Front page continuation (72) Inventor Shiro Nankai 1006 Kadoma, Kadoma, Osaka Prefecture Matsushita Electric Industrial Co., Ltd. (72) Inko Junko Iwata, 1006 Kadoma, Kadoma City, Osaka Matsushita Electric Industrial

Claims (8)

[Claims] 1. A cholesterol sensor comprising an electrode system having a measurement electrode and a counter electrode, and a reaction reagent system, wherein the reaction reagent system contains at least cholesterol dehydrogenase, nicotinamide adenine dinucleotide, and an electron mediator. . 2. An insulating substrate, an electrode system including a measurement electrode and a counter electrode provided on the substrate, and a sample liquid supply from the end of the substrate to the electrode system disposed on the substrate. A cover member having a groove forming a passage, and a reaction layer including a reaction reagent system provided in a portion exposed to the sample liquid supply passage, wherein at least cholesterol dehydrogenase and nicotinamide adenine dinucleotide are contained in the reaction reagent system. , And a cholesterol sensor comprising an electron mediator. 3. The electron mediator is ferricyanide, 1,2-naphthoquinone-4-sulfonic acid, 2,6-
Dichlorophenol indophenol, dimethylbenzoquinone, 1-methoxy-5-methylphenazinium sulfate, methylene blue, galocyanine, thionine,
2. At least one selected from the group consisting of phenazine methosulfate and Meldola blue.

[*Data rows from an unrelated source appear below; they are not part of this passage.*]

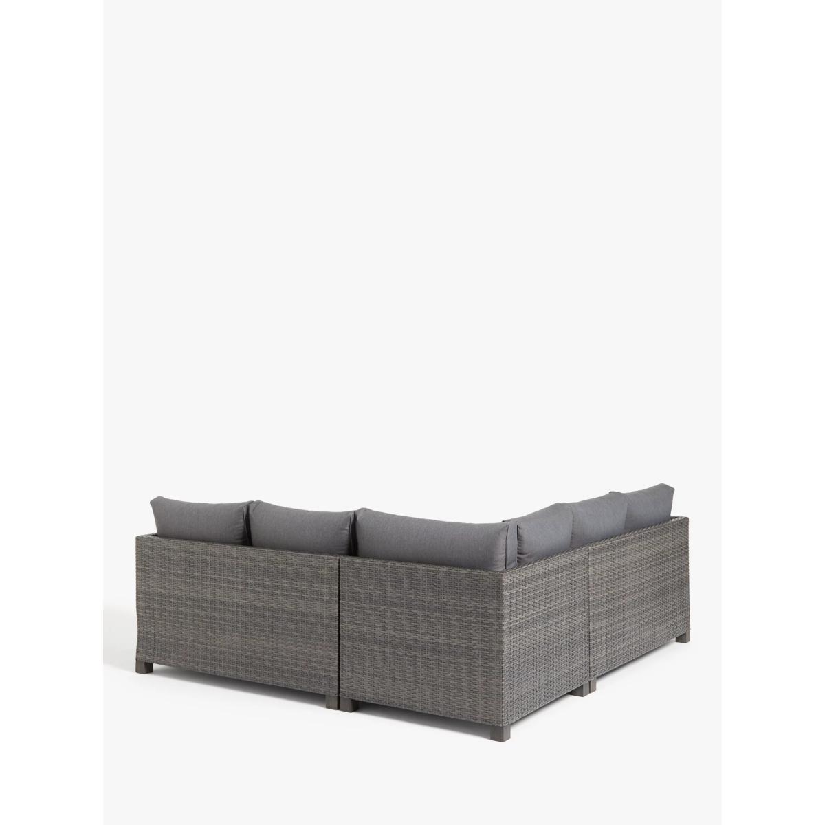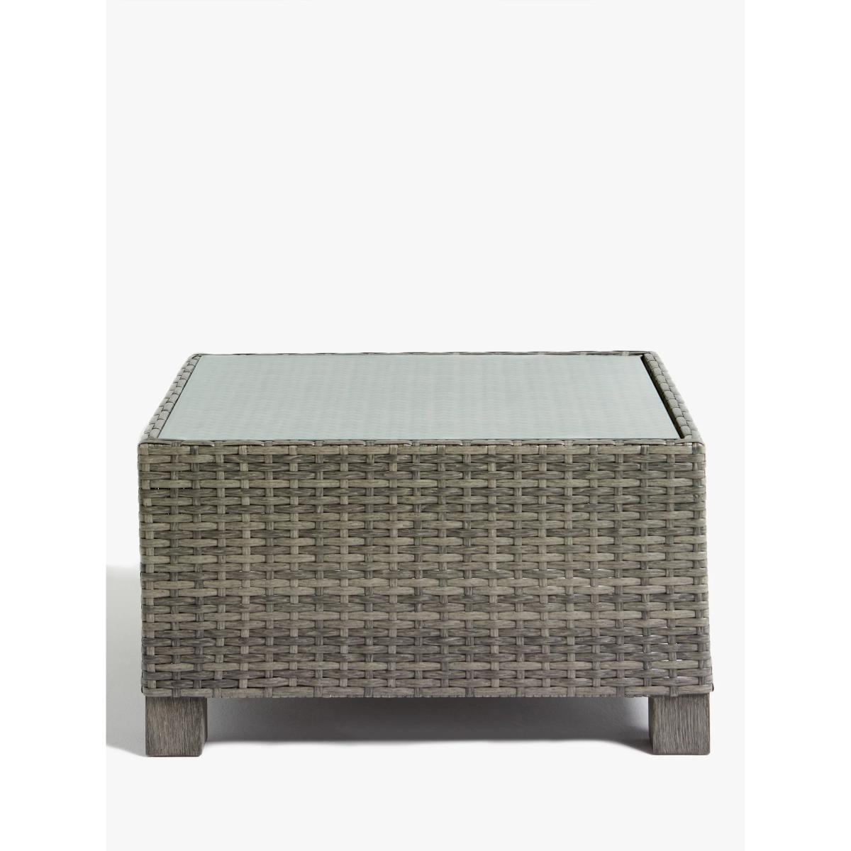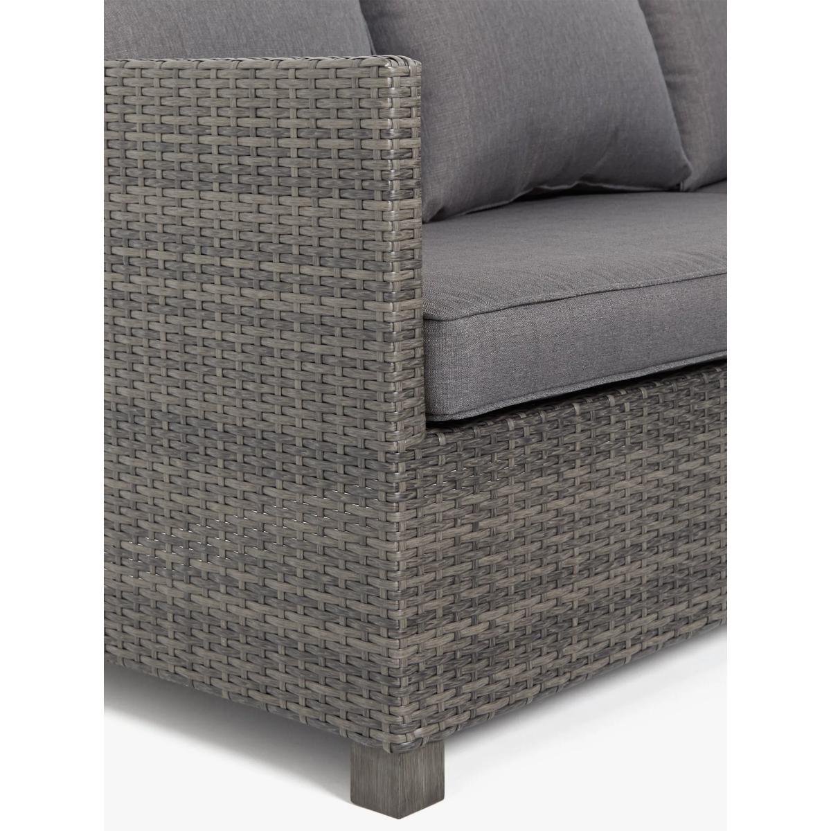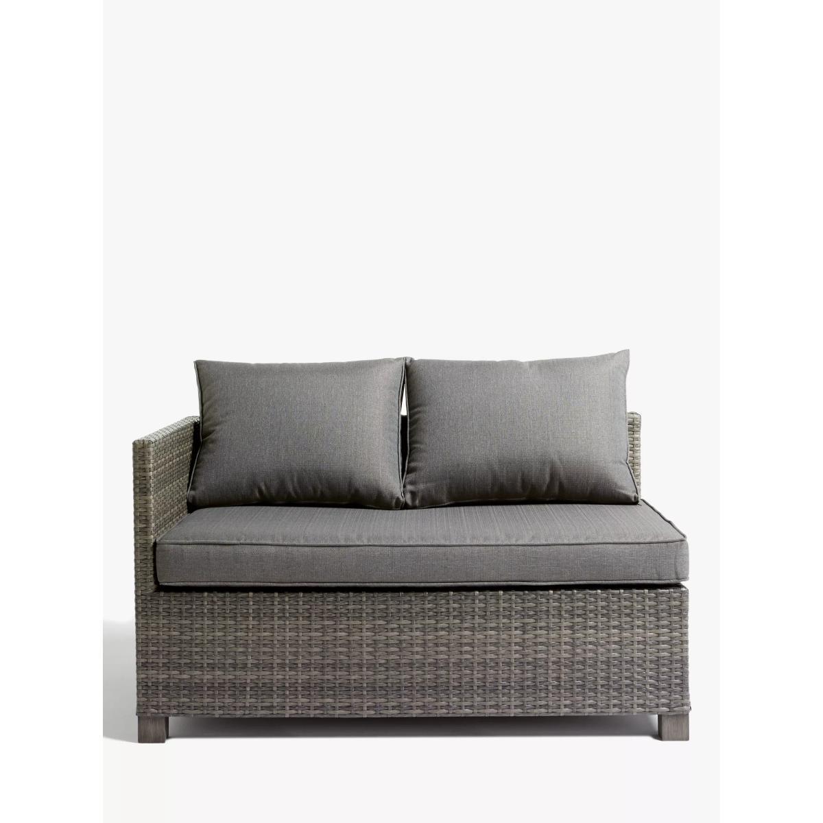 Elegant yet robust, the Alora corner sofa unit is equally at home in the garden or conservatory. It's a modular set that can be arranged to suit your space and needs. The set includes a corner chair and a left and a right side sofa, all with thick and comfortable back and seat cushions with removable covers for easy cleaning. The seating is for up to four people. A matching coffee table with a glass top completes the lounging set. Key features: 4-seater corner sofa unit and glass-topped coffee table Robust aluminium frames Woven rattan design Thick 8cm cushions included Seating in the Alora range of outdoor furniture is made with strong aluminium frames that are able to withstand a weight of 20 stone (127kg), exceeding the industry standard. The synthetic rattan has a traditional flat-weave design. Good to know: The range is durable and for outdoor use all year round. As a precaution, we recommend you cover the furniture during adverse weather and remove the shower-resistant cushions when not in use to avoid over-exposure to rain and moisture. Want to see it first? You may want to see and get a feel for the product in one of our shops before ordering. We'll be able to tell you where the range you'd like to view is on display. Choose the perfect outdoor furniture We have a vast selection of furniture for you to choose from which will suit the home or garden. The majority of our furniture ranges have been hand woven using a synthetic wicker; the thinner the weave, the longer it takes for more skilled workers to complete. All weave types are durable so they’ll last throughout the seasons All woven outdoor furniture is UV protected so it will not fade in direct sunlight All woven outdoor furniture is easy to maintain; simple wipe clean with warm water Flat A weave of various widths which offers incredible value for money Half round More detailed with a 3D effect, the half round is a round weave in half which displays a wicker appearance on the top and hollowed underside Double half round A double strand of half round, this is a wider width of weave which achieves a premium appearance Round weave A very tight, premium weave which is available in various widths Rope A selection of our ranges have been made using rope originally made for the fishing industry. The yarn is made up of 10,000 (approx) woven strands with a double core for extreme strength, does not attract mould even if wet for a long time and is UV resistant.
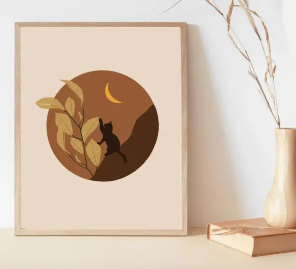 Cat Art Print Cat Moon Print Cat Lover Wall Art Kitty Poster Landscape Art Print Boho Wall Print Leaves Art Print Witchy Art
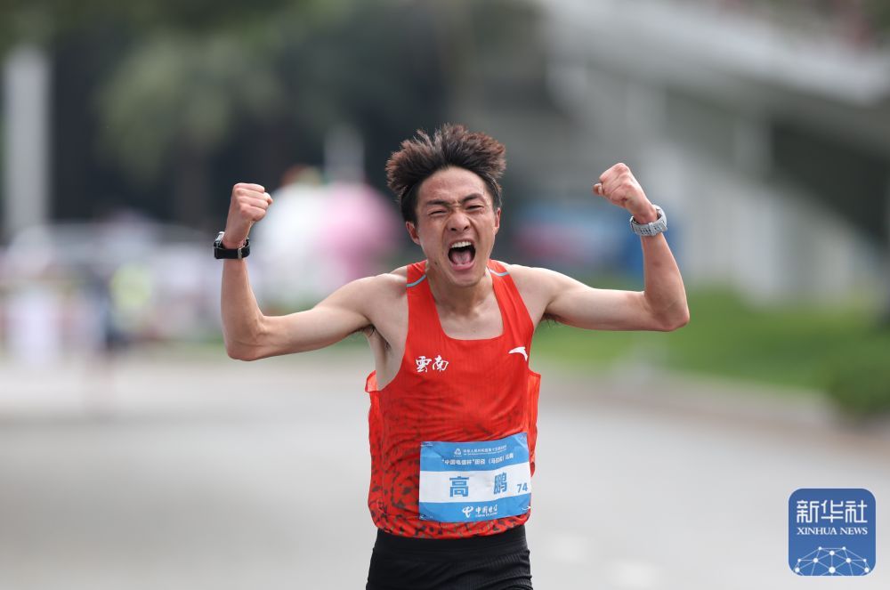 ↑ 云南队选手高鹏在比赛中到达终点,获得亚军。 新华社记者 丁汀 摄
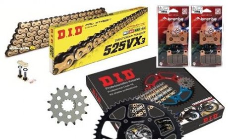 Vsebuje: sprednji zobnik + zadnji zobnik + veriga + zavorne ploščice sintrana sprednje komplet za dva diska.
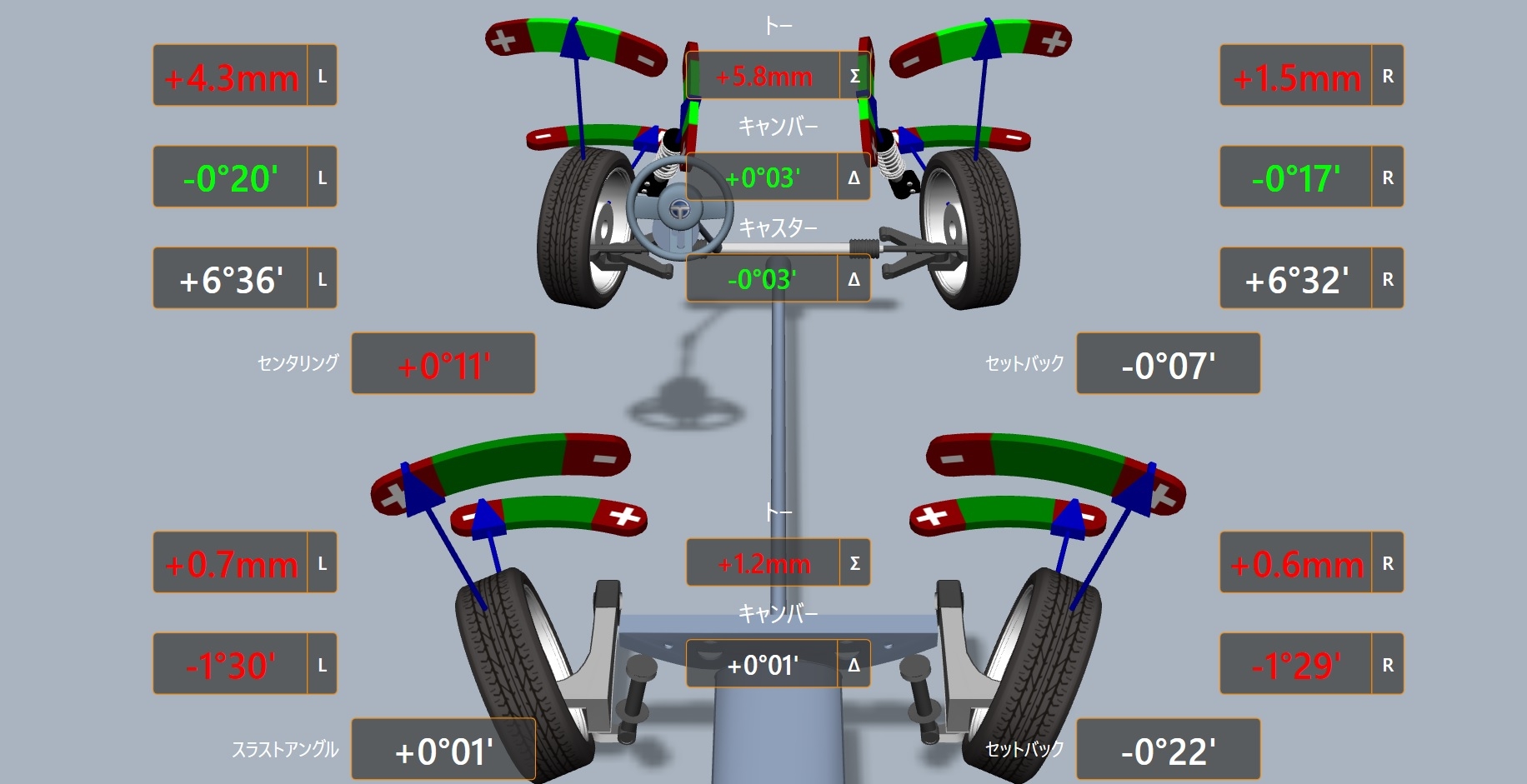 120iはフロントトーリアトーキャンバー計6カ所を調整していきます。
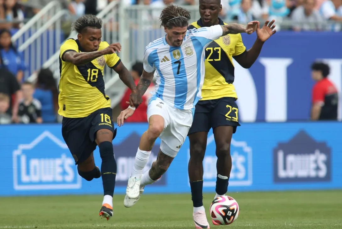 En el mediocampo, el DT mantuvo a Leandro Paredes, Rodrigo De Paul y Thiago Almada, con Nicolás González por izquierda y no Franco Mastantuono. Además, en la delantera estuvo el doble nueve: Lautaro Martínez fue confirmado como titular por Scaloni por Messi.

Alternatively, the cholesterol sensor described in 2. 4. The cholesterol sensor according to claim 1, wherein the reaction reagent system contains diaphorase. 5. The cholesterol sensor according to claim 1, wherein the reaction reagent system contains cholesterol esterase and a surfactant. 6. The cholesterol sensor according to claim 2, wherein the reaction layer is provided separately on the electrode system and on the cover member side. 7. The cholesterol sensor according to claim 2, which has a layer containing a hydrophilic polymer in at least a part of the reaction layer. 8. The cholesterol sensor according to claim 2, wherein at least a part of the reaction layer has a layer in which a hydrophilic polymer and an electron mediator are mixed.